USA: Deutschland ist einer der zuverlässigsten Verbündeten

Zwei Monate nach der Bundestagswahl hatten SPD, Grüne und FDP ihre Koalitionsverhandlungen am Mittwoch abgeschlossen und damit den Grundstein für die erste Ampel-Bundesregierung gelegt.

Der Sprecher des US-Außenministeriums sagte weiter, Deutschland sei einer der zuverlässigsten Verbündeten der Vereinigten Staaten. „Unsere Beziehungen beruhen auf gemeinsamen Werten wie Freiheit, Demokratie, Menschenrechte und Rechtsstaatlichkeit.“

Im Koalitionsvertrag heißt es unter dem Punkt „Bilaterale und regionale Beziehungen“: „Die transatlantische Partnerschaft und die Freundschaft mit den USA sind ein zentraler Pfeiler unseres internationalen Handelns. Wir treten für eine Erneuerung und Dynamisierung der transatlantischen Beziehungen mit den USA und Kanada ein, die wir europäisch ausgestalten wollen.“

China hofft auf gute Zusammenarbeit mit Ampel-Regierung

Auch China setzt auf gute Zusammenarbeit mit der künftigen Bundesregierung. „Wir hoffen, dass die neue Regierung in Deutschland die pragmatisch geprägte China-Politik weiterführt“, sagte ein Sprecher des Außenministeriums am Donnerstag in Peking. Die bilateralen Beziehungen sollten auf Grundlage des gegenseitigen Respekts und der Gleichberechtigung ausgebaut werden.

Themen wie Taiwan, das Südchinesische Meer, Hongkong und Xinjiang beträfen „innere Angelegenheiten“ der Volksrepublik. Der Respekt vor Chinas Kerninteressen sei Grundlage für die bilateralen Beziehungen.

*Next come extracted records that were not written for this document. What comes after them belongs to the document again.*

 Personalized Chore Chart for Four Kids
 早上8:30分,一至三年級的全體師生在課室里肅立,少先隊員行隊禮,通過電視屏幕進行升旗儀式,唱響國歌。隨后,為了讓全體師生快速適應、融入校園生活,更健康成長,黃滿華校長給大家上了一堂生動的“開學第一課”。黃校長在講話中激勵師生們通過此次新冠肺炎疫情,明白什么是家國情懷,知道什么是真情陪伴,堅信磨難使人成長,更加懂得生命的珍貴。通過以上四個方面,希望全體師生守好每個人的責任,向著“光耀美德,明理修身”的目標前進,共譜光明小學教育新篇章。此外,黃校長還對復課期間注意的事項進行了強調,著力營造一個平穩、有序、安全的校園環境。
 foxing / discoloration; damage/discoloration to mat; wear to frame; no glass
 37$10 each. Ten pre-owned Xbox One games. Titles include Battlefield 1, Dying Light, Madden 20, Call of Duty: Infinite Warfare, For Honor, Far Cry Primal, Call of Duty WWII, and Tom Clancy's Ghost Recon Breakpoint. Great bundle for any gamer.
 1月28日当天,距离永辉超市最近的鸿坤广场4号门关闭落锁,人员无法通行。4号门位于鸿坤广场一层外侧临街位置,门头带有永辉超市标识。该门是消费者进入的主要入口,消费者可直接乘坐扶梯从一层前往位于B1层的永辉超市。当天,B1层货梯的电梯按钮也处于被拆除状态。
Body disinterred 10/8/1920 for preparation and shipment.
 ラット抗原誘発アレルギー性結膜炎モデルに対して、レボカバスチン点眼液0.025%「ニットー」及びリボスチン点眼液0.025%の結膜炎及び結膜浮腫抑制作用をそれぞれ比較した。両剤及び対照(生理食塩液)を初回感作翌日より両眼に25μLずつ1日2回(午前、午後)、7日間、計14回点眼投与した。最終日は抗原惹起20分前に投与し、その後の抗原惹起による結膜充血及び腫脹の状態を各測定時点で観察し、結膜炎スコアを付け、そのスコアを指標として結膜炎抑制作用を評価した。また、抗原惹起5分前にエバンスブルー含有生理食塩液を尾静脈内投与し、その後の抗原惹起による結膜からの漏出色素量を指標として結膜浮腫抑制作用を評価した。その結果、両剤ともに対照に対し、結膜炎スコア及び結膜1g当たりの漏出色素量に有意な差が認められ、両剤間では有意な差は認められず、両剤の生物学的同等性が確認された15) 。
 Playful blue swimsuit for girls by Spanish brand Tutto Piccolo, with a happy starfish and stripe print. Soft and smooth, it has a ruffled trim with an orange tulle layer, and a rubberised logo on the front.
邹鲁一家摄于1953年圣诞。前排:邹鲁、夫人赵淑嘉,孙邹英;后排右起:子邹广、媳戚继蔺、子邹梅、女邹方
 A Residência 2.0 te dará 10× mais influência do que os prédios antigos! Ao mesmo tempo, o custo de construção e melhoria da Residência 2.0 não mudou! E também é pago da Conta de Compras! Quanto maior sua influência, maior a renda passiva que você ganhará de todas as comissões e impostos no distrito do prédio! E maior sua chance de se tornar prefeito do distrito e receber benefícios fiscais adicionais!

Im am Mittwoch vorgelegten Koalitionsvertrag ist von einer „systemischen Rivalität“ mit China die Rede. Man wolle „im zunehmenden Wettbewerb mit China faire Spielregeln“. Deutschland solle sich zudem künftig mehr an einer gemeinsamen EU-Strategie beteiligen. Auf der Grundlage der Menschenrechte und des geltenden internationalen Rechts solle aber „wo immer möglich“ die Kooperation mit China gesucht werden.

Österreichs Politik begrüßt Ampelkoalition als Signal für die EU

Im benachbarten Österreich ist die Einigung auf eine Ampelkoalition sowohl von der Regierung als auch von der Opposition als positives Signal für die Europäische Union aufgenommen worden. Finanzminister Gernot Blümel von der konservativen ÖVP lobte am Mittwoch „ein klares Bekenntnis zum Europäischen Stabilitäts- und Wachstumspakt“ im neuen deutschen Koalitionsprogramm, das von SPD, Grünen und FDP ausgearbeitet wurde. Damit bleibe Deutschland ein wichtiger wirtschaftspolitischer Partner.

Die österreichischen Schwesterparteien der Ampel-Parteien sehen in der künftigen Regierung unter Olaf Scholz (SPD) jedoch eine Richtungsänderung statt Kontinuität. Klimaschutzministerin Leonore Gewessler von den mitregierenden Grünen begrüßte Pläne zum Kohleausstieg und zu erneuerbaren Energien im Regierungsprogramm.

„Die rasche Einigung für eine fortschrittliche Koalition ist ein wichtiges Signal für einen politischen Aufbruch nicht nur in Deutschland, sondern in ganz Europa“, sagte die sozialdemokratische Oppositionschefin Pamela Rendi-Wagner.

Zu Klimawandel, Corona-Krise und Verteilungsgerechtigkeit seien entschlossene Antworten nötig. Beate Meinl-Reisinger von den liberalen Neos lobte das „ambitionierte Erneuerungs- und Modernisierungsprogramm“ der künftigen Regierung.